Monday, August 28, 2006

Al Manar: Propaganda/News

I'm having issues with this arrest of a cable provider who is transmitting Al Manar TV. I just don't see this as anything that can be supported by the law or the constitution, never mind logic. (I also can't stop thinking of the station as Al Manure. But that's another topic.)
Federal prosecutors who charged a man on Thursday with providing Hezbollah television access in New York made unusual use of a law more often employed to bar financial contributions to terrorist groups, legal experts said yesterday.

The broadly defined statute, the International Emergency Economic Powers Act, is also used frequently to block the importation of goods and services that would directly support terrorist operations.

The law, which went into effect in 1977, was meant to put legal teeth in international trade embargoes with other nations, but once it was amended by the Patriot Act after 9/11, the government began to use it far more frequently against particular groups and individuals.

The use of the law, however, to focus on television broadcasts seemed to fall under an exemption laid out in a 1988 amendment to the act, several experts said, and it raised concerns among civil libertarians and some constitutional scholars about limiting the free marketplace of ideas.

The exemption covers publications, films, posters, phonograph records, photographs, microfilms, microfiche, tapes, compact discs, CD-ROM's, art works and newswire feeds.

"One person's news is another's propaganda," said Rod Smolla, the dean of the University of Richmond Law School and a First Amendment expert. "It runs counter to all of our First Amendment traditions to ban the free flow of news and information across borders, yet at the same time all nations have historically reserved the right to ban the importation of propaganda from a hostile nation."

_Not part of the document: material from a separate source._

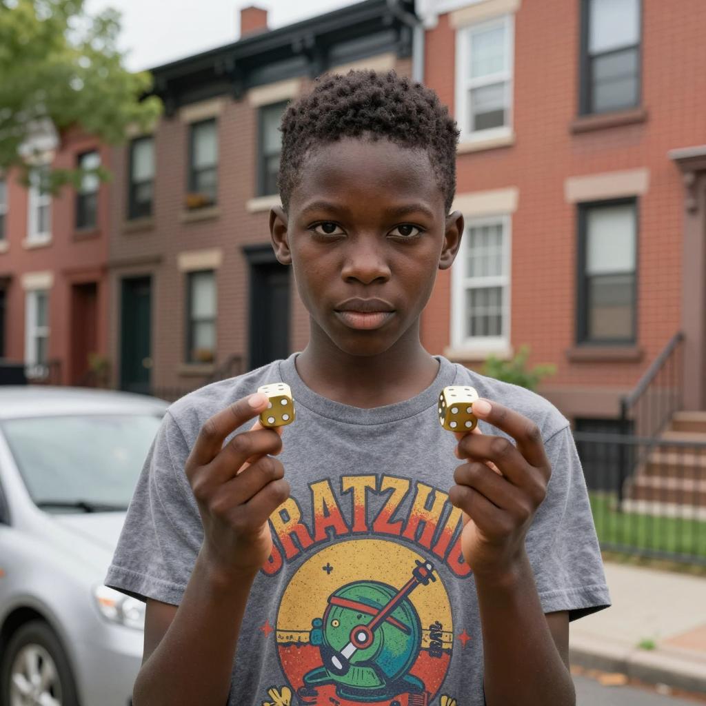 Young Black boy with short hair, wearing a colorful graphic t-shirt, holding two gold dice in front of him. Background: row of red and brown brick townhouses, green tree on the left, silver car in the foreground. Intense expression.

Smolla has a point. Even if this is openly propaganda, the use by citizens of the US shouldn't be eliminated. I don't understand the posture that this "supports" a terrorist group when access to the same information can be obtained elsewhere with no restrictions.
Critics took a far harsher view. David D. Cole, a Georgetown University law professor who frequently criticizes the Justice Department and is challenging several aspects of the act in federal court in California, said the case against Mr. Iqbal combined what he called tactics of the McCarthy era - punishment of speech, and guilt by association.

"Mr. Iqbal is being penalized for doing nothing more than facilitating speech, and is being punished not because the speech itself is harmful, but because it is associated with Hezbollah." he said.

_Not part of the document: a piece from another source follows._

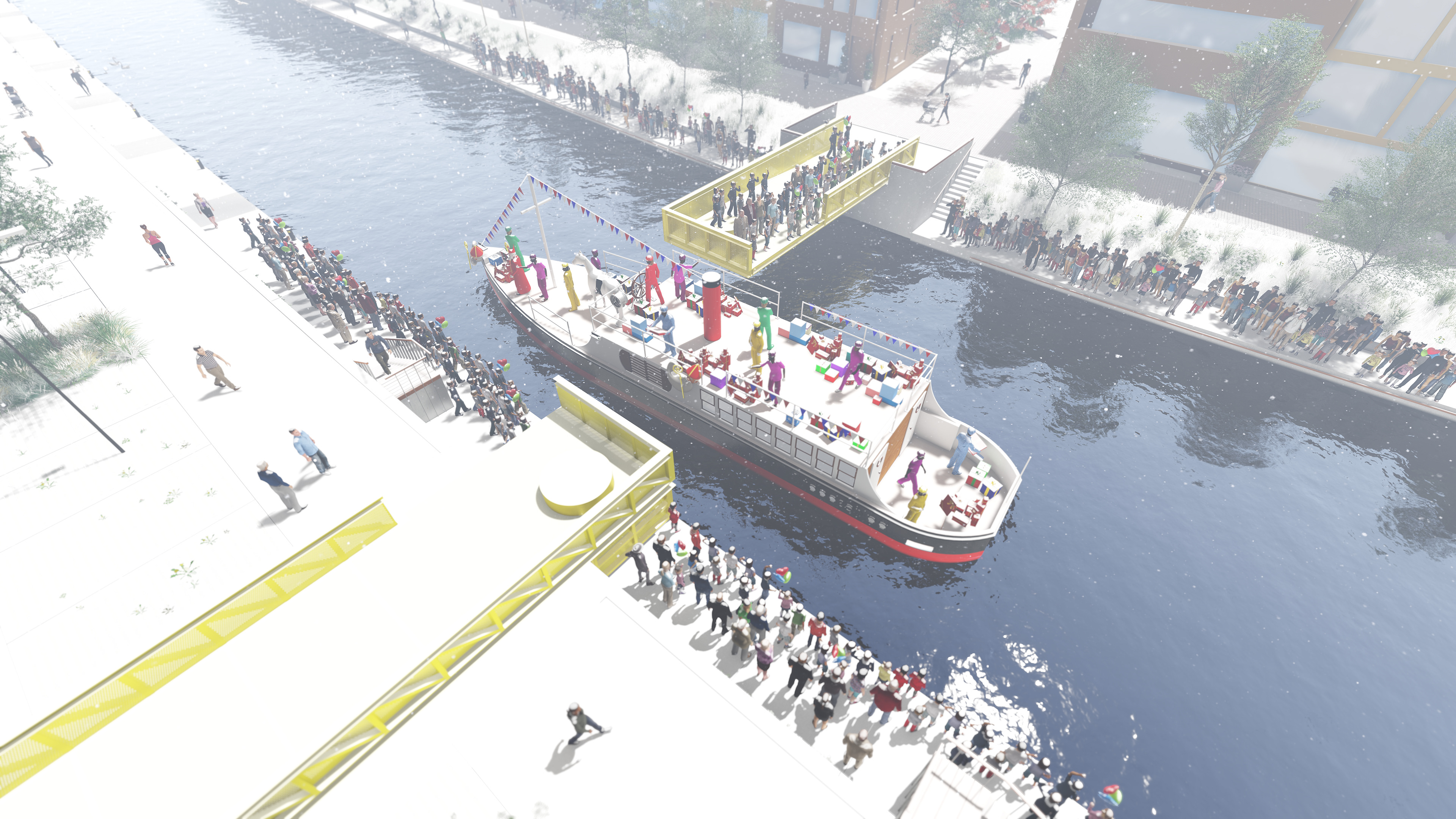 Om de ambitie van de gebiedsontwikkeling gestalte te geven, is op deze locatie gekozen om eerst de openbare ruimte aan te leggen en daaropvolgend de kavels te ontwikkelen. De rolbrug vormt een scharnierpunt in deze ontwikkeling; logischerwijs als verbinder van de kades, maar zeker ook als aanjager van de nieuwe identiteit van het gebied.

This on the other hand is pretty good propaganda in itself. Throwing "McCarthy era" into the argument immediately slimes the discussion due to visceral reactions to the sledgehammer tactics that McCarthy used. And it completely ignores that McCarthy did in fact find real enemies during his witch-hunt. Of course, that has no real relevance here.

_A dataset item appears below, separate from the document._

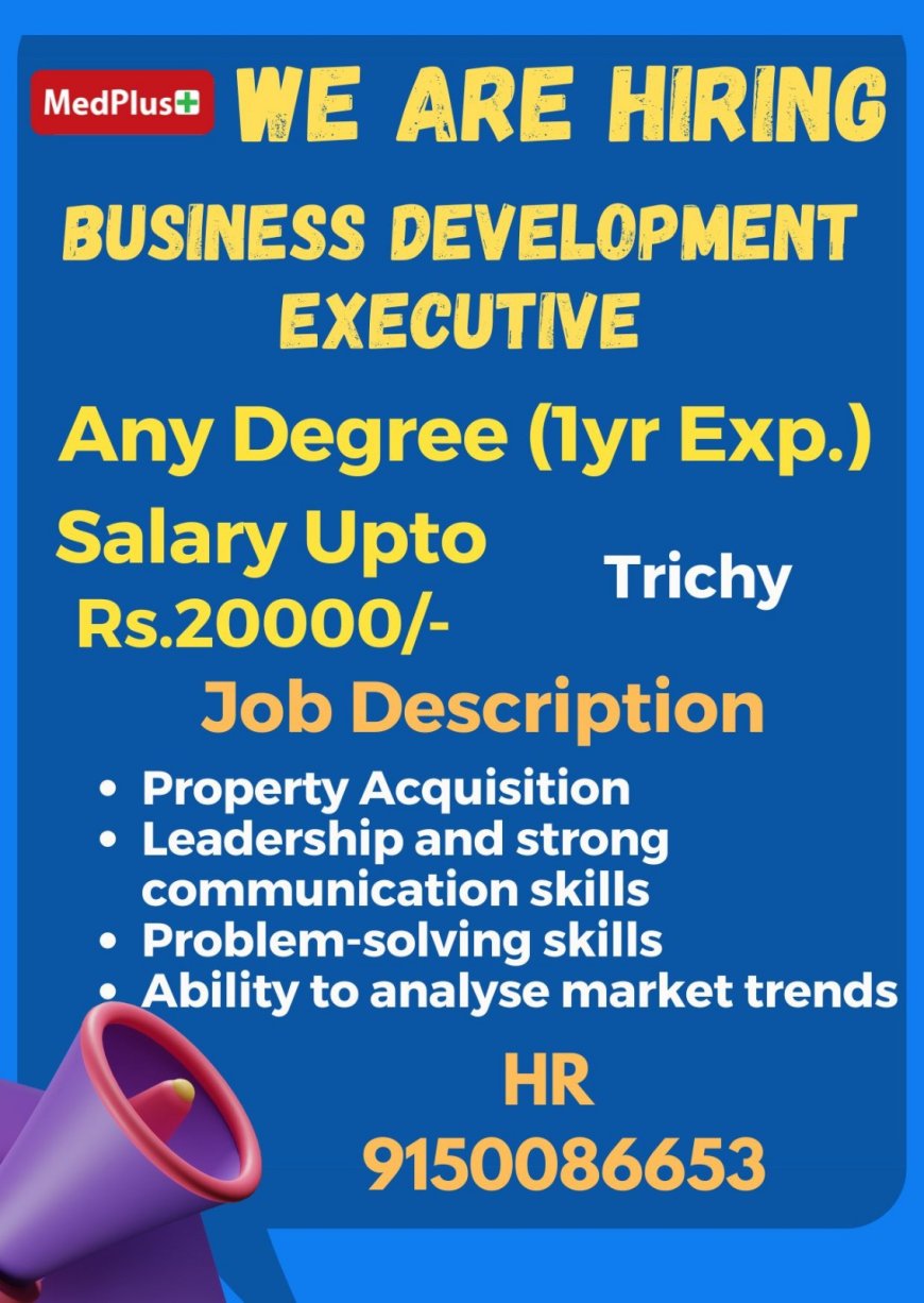 திருச்சியில் செயல்பட்டு வரும் பிரபல MedPlus நிறுவனத்தில் கீழ்க்கண்ட பல்வேறு பணியிடங்களுக்கு வேலை வாய்ப்புகள் அறிவிக்கப்பட்டுள்ளன. மேலும் விவரம் மற்றும் தொடர்புக்கு கீழே உள்ள படத்தை பார்க்கவும்.

What threat does the showing of Al Manar really pose? I don't see any reality to threats like those claimed that they can be used to trigger attacks in the US. Those triggers would be more likely found on the internet, which has more open availability than the cable coverage of Al Manar.

I would like to see an explanation of how this supports a terrorist organization. I don't doubt that there is some valid arguments there. Such as the broadcasts spread the propaganda to sympathetic or semi-sympatetic minds within this country who could then be used to further support the terrorists goals. But seeing that the NYTimes and other rags are so responsible in their journalistic efforts, you can witness that no such portion of their news provides that equal balance on the information needed to make a learned decision.

Then you have to love the WaPo coverage. Such as this bit:
"This is a prosecution for importing information, basically," said Donna Lieberman, executive director of the New York Civil Liberties Union. "That raises serious First Amendment concerns because in a free society the exchange of information of ideas is at the core."

Lieberman said the case was another example of the Bush administration's push to expand its executive powers in the pretext of fighting terrorism.

I'd love to hear the logic on the Bush expansion of executive powers. Strange that this is the application of a law that was passed by the congress, and the Bush administration is providing the law enforcement duties that the law requires in their view. Could their view be flawed? Sure, but that doesn't make it an expansion of executive powers. But hey, why not throw in some scary words into the interview. Not trying to frighten anyone with that supposition.

But at least they provide a rebuttal of sorts.
But others following the case say the government must halt material support for terrorist groups, even if the transaction involves such activities as news dissemination.

Facilitating speech that advocates violence is not always protected by the First Amendment, said Andy McCarthy, a senior fellow at the Foundation for the Defense of Democracies.

"You can't help (a terrorist group's) ostensibly legitimate activities without making them more efficient in their brutality," McCarthy said. "The way to reform these groups is to ... choke them until they cease to exist."

I'm not convinced that this goes to that level. In fact, I'd say that the censorship of such "news" when it is equally available by other means is ineffective.

I'd find this less worrisome if the MSM in this country were less political in their own reporting. The US government is hardly allowed to make any clear declamatory statements that aren't immediately labeled as propaganda. If they aren't, they are quickly taken out of context or pushed through an opinion sieve that distorts the statements or twists the governments spin.



1 comment:

Granted said...

I have to agree with you. Short of sedition, etc., this has to fall under the 1st Amendment. It just has to.